--- START ---

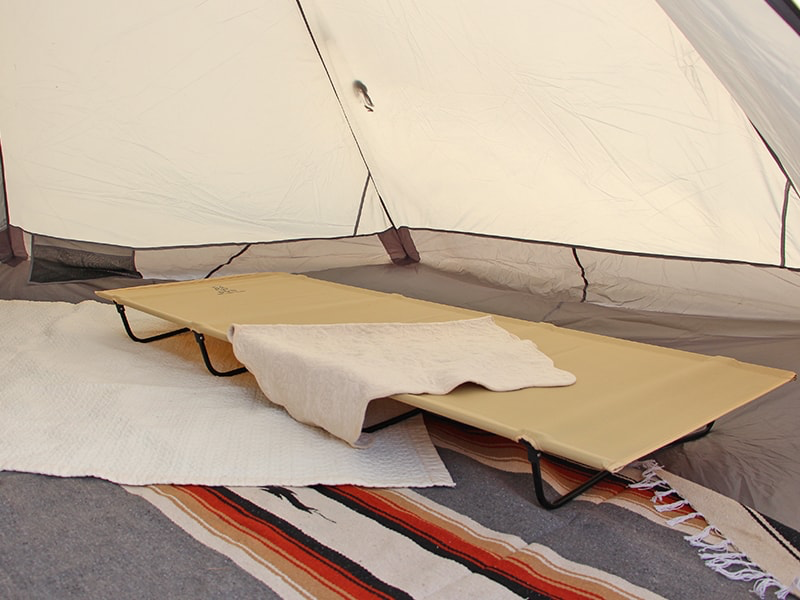 コットは地面から身体を浮かせることができるため、夏は通気性が良く、冬は冷気の影響を受けにくいという大きなメリットがあります。
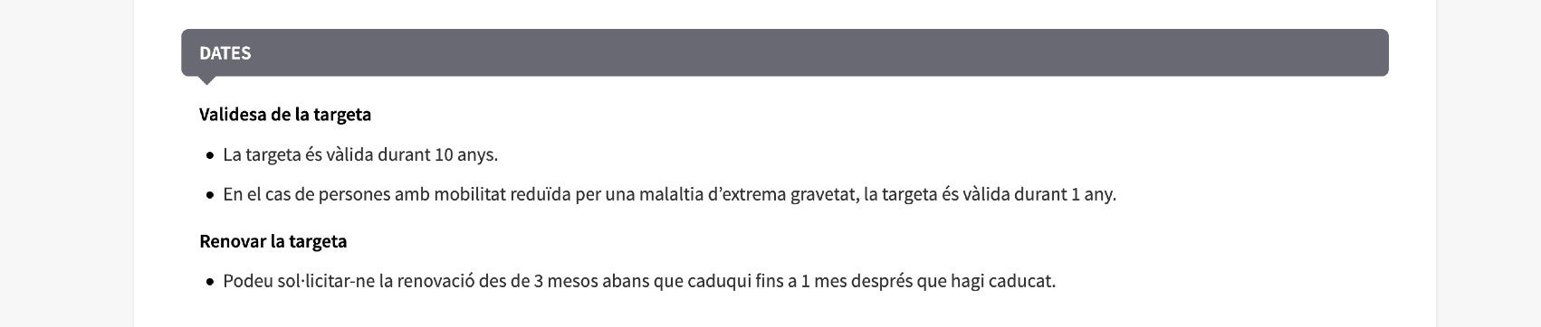 Durant aquest temps, el consistori ha continuat emetent les targetes, “de manera provisional”, amb el “règim anterior de vigència”. És a dir 10 anys i, per tant, incomplint el decret de la Generalitat. De fet, l’Ajuntament encara publicita en el web de l’oficina virtual de tràmits que la targeta és vàlida durant 10 anys, tal com es pot veure en la imatge inferior, i en el moment de publicar l’article, en l’enllaç de la pàgina de l‘Ajuntament. A parer del pèrit judicial consultat pel TOT, les targetes emeses amb una vigència de 10 anys després de l’entrada en vigor del decret de la Generalitat s’haurien d’anul·lar.
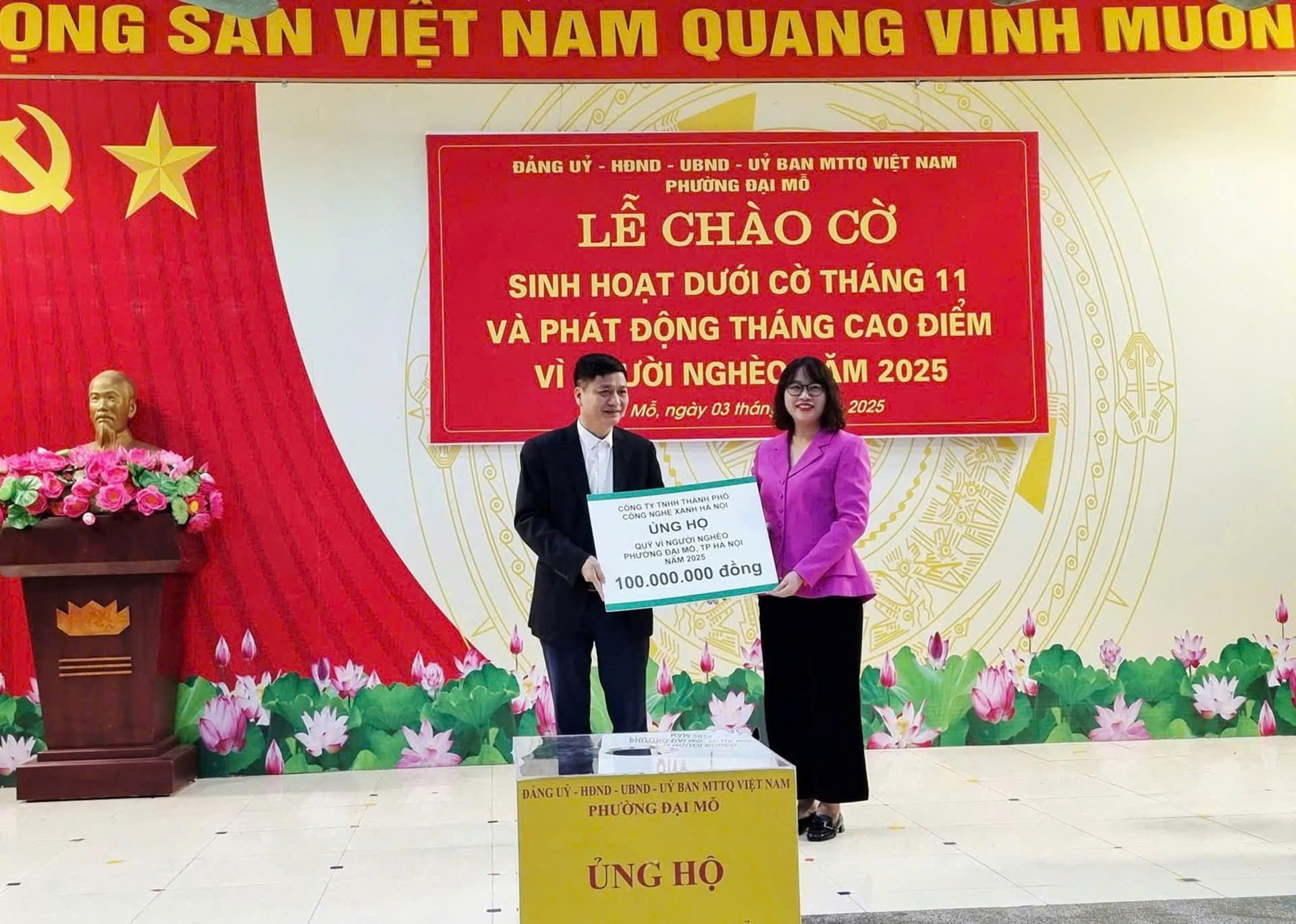 Lãnh đạo phường Đại Mỗ ủng hộ nhân dịp phường phát động Tháng cao điểm Vì người nghèo năm 2025. Ảnh: ĐM
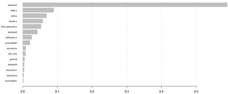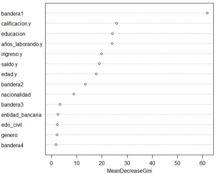 La Figura 24 muestra la importancia de predictores (es decir, cuáles son los predictores que más pesan para decidir si a una solicitud se le dará tarjeta de crédito en este caso) de acuerdo con el modelo Random Forest, donde se observa que “bandera1” (indica si el solicitante ya aplicó previamente para una tarjeta de crédito) es el predictor que pesa más.
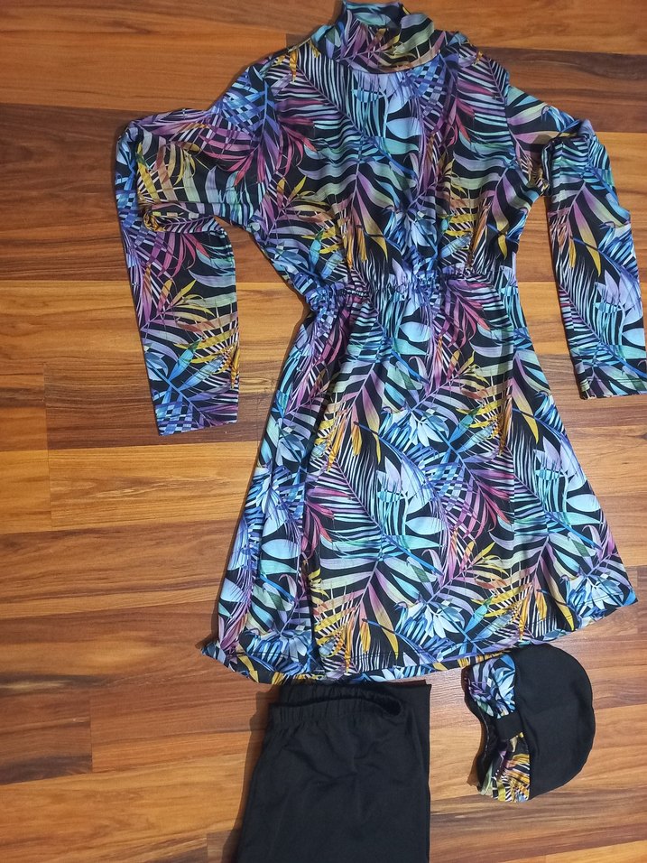 Renkli ışıl ışıl bir mayo bel kısmı beli kavrıyor çok güzel şekilde göğüs koruyuculari içinde mevcut değil isteğe göre eklenebilir bir defa giyildi yeni temiz 42 beden ben s bedenim kullanabildim s ile l beden arası kullanıma uygun

--- END ---

◆ EXERCISE OBJECTIVE: Leaving aside every picture, transcribe exactly the lines that run from the one with "Lãnh đạo phường" to the close of the listing above.

◆ WRITTEN SOLUTION:
 Lãnh đạo phường Đại Mỗ ủng hộ nhân dịp phường phát động Tháng cao điểm Vì người nghèo năm 2025. Ảnh: ĐM
 La Figura 24 muestra la importancia de predictores (es decir, cuáles son los predictores que más pesan para decidir si a una solicitud se le dará tarjeta de crédito en este caso) de acuerdo con el modelo Random Forest, donde se observa que “bandera1” (indica si el solicitante ya aplicó previamente para una tarjeta de crédito) es el predictor que pesa más.
 Renkli ışıl ışıl bir mayo bel kısmı beli kavrıyor çok güzel şekilde göğüs koruyuculari içinde mevcut değil isteğe göre eklenebilir bir defa giyildi yeni temiz 42 beden ben s bedenim kullanabildim s ile l beden arası kullanıma uygun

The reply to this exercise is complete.